## Exercise directions
Please give the lines below again exactly as they stand, from the one that contains "This portable airbrush" up to and including the one that contains "schon älter, aber", leaving all pictures out.

:: Data for the task ::

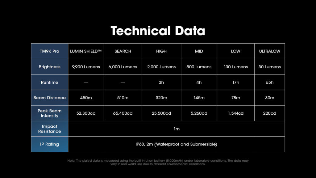 Ο TM9K διαθέτει 4 επίπεδα φωτεινότητας για εναλλαγή επίσης διαθέτει  SEARCH και LUMIN SHIELD
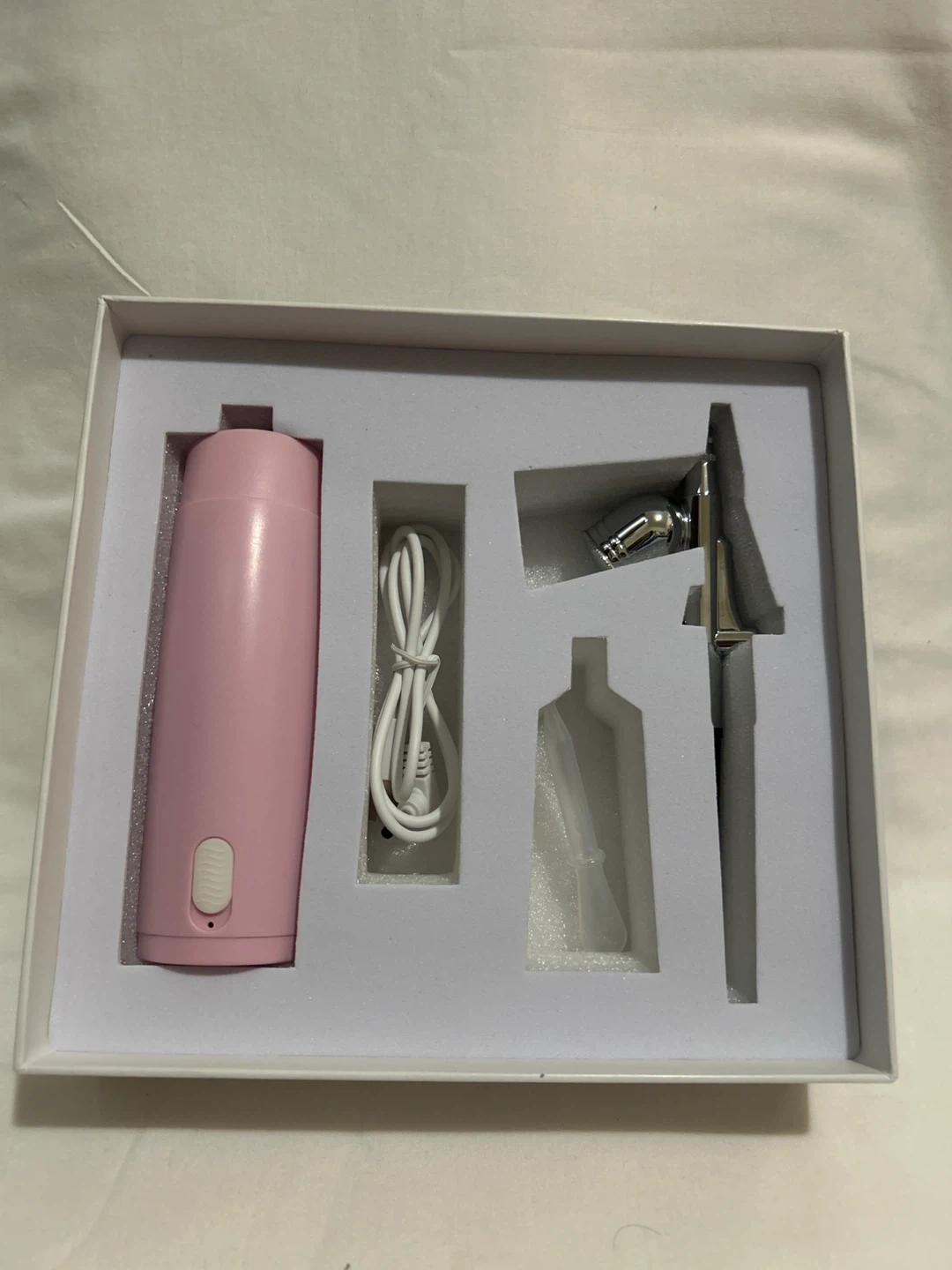 This portable airbrush kit includes a pink handheld compressor and airbrush gun. It comes with a USB charging cable and a stand. Great for makeup or crafting applications!
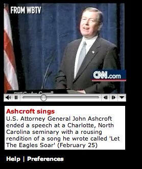 schon älter, aber nicht minder erschütternd: us-justizminister john ashcroft singt. ganz ohne humor und distanz. pathetische, selbstgestrickte, peinliche kacke.
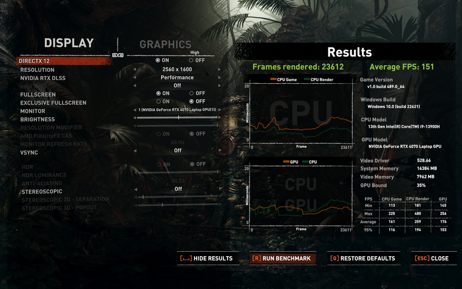 传统3A游戏大作在ROG幻16上也有着同样出色的表现,比如《古墓丽影:暗影》,在【2.5K分辨率】【高画质】,DLSS【性能】模式下,测试的平均帧率可以达到151FPS。
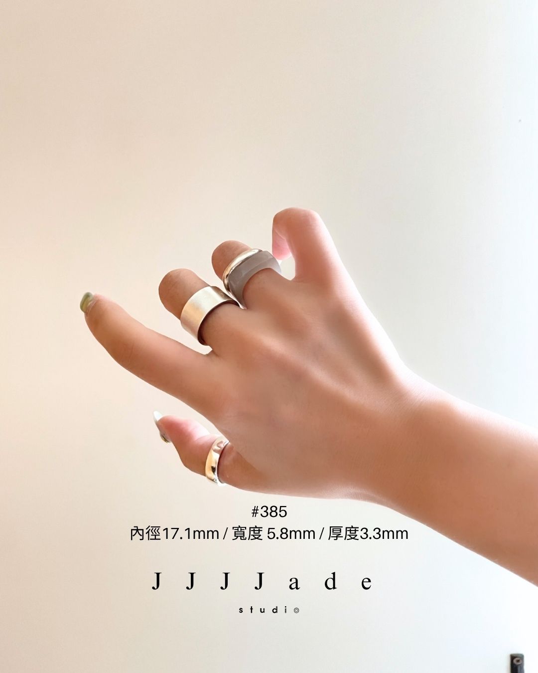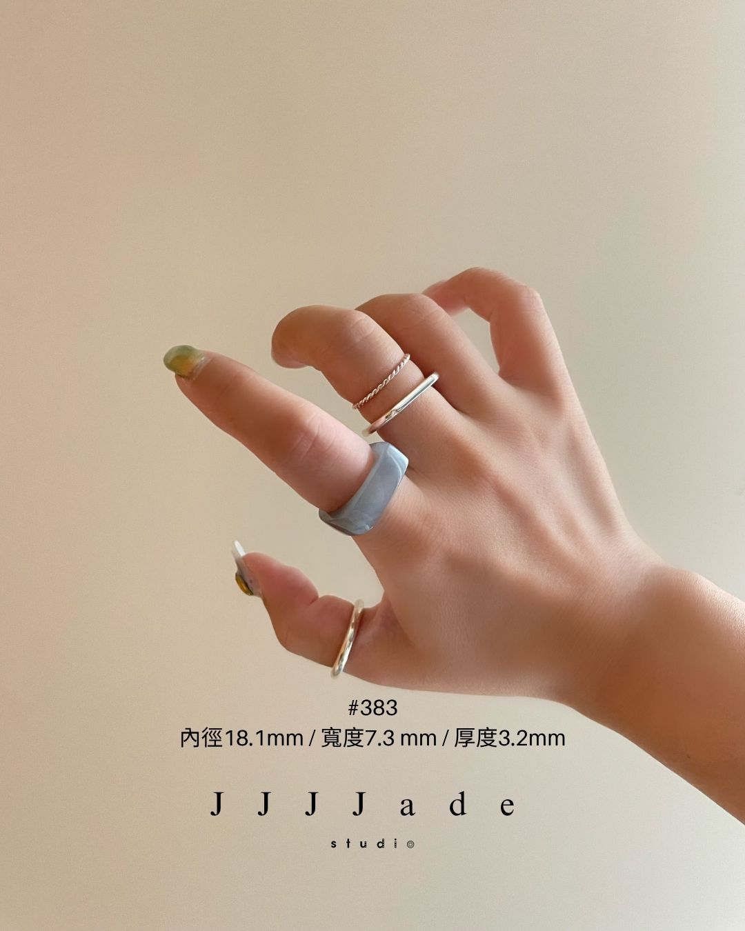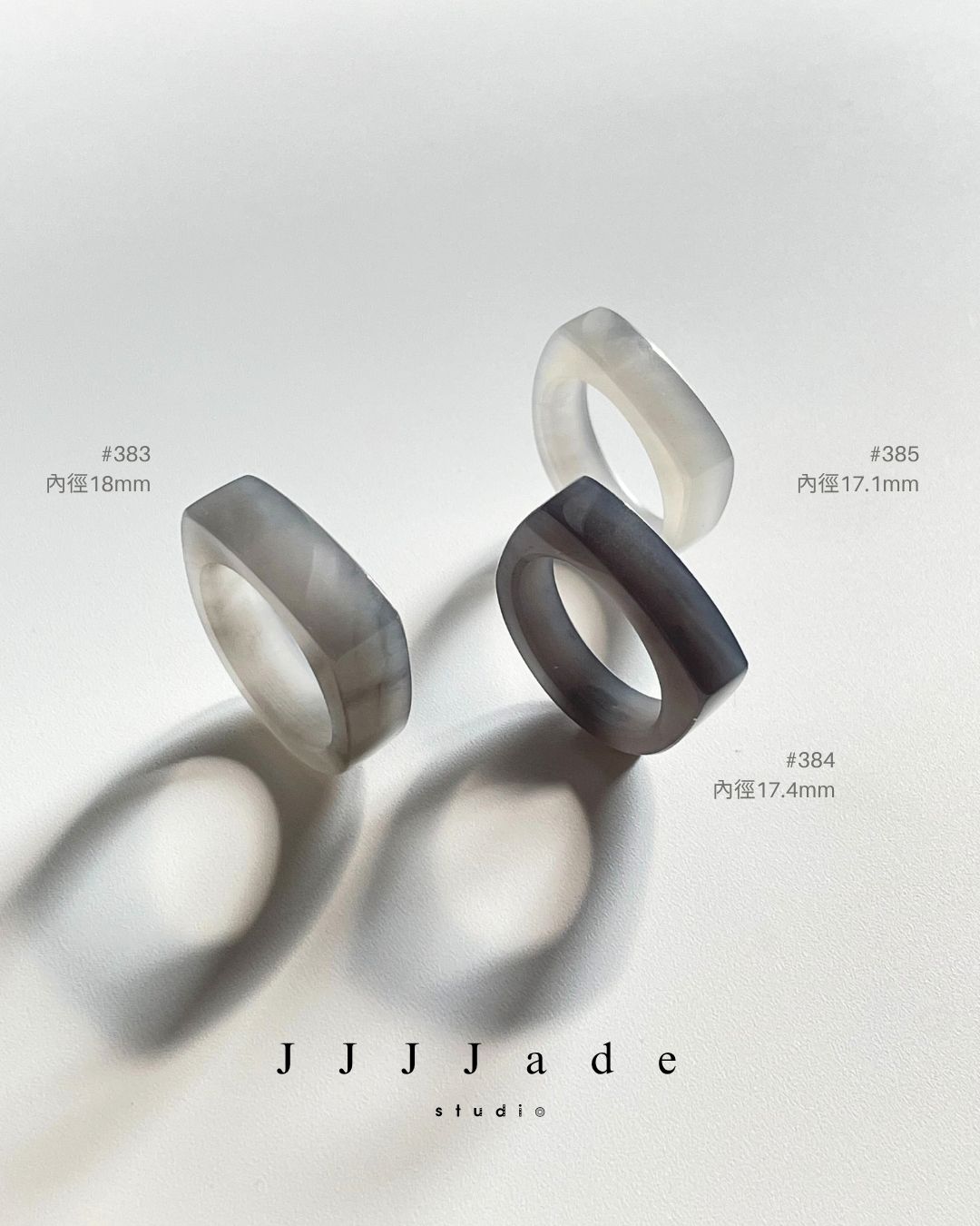 #383 內徑18.1mm / 寬度7.3 mm / 厚度3.2mm #384 內徑17.4mm / 寬度5.7 mm / 厚度3.8mm #385 內徑17.1mm / 寬度 5.8mm / 厚度3.3mm

:::

## Written answer
 This portable airbrush kit includes a pink handheld compressor and airbrush gun. It comes with a USB charging cable and a stand. Great for makeup or crafting applications!
 schon älter, aber nicht minder erschütternd: us-justizminister john ashcroft singt. ganz ohne humor und distanz. pathetische, selbstgestrickte, peinliche kacke.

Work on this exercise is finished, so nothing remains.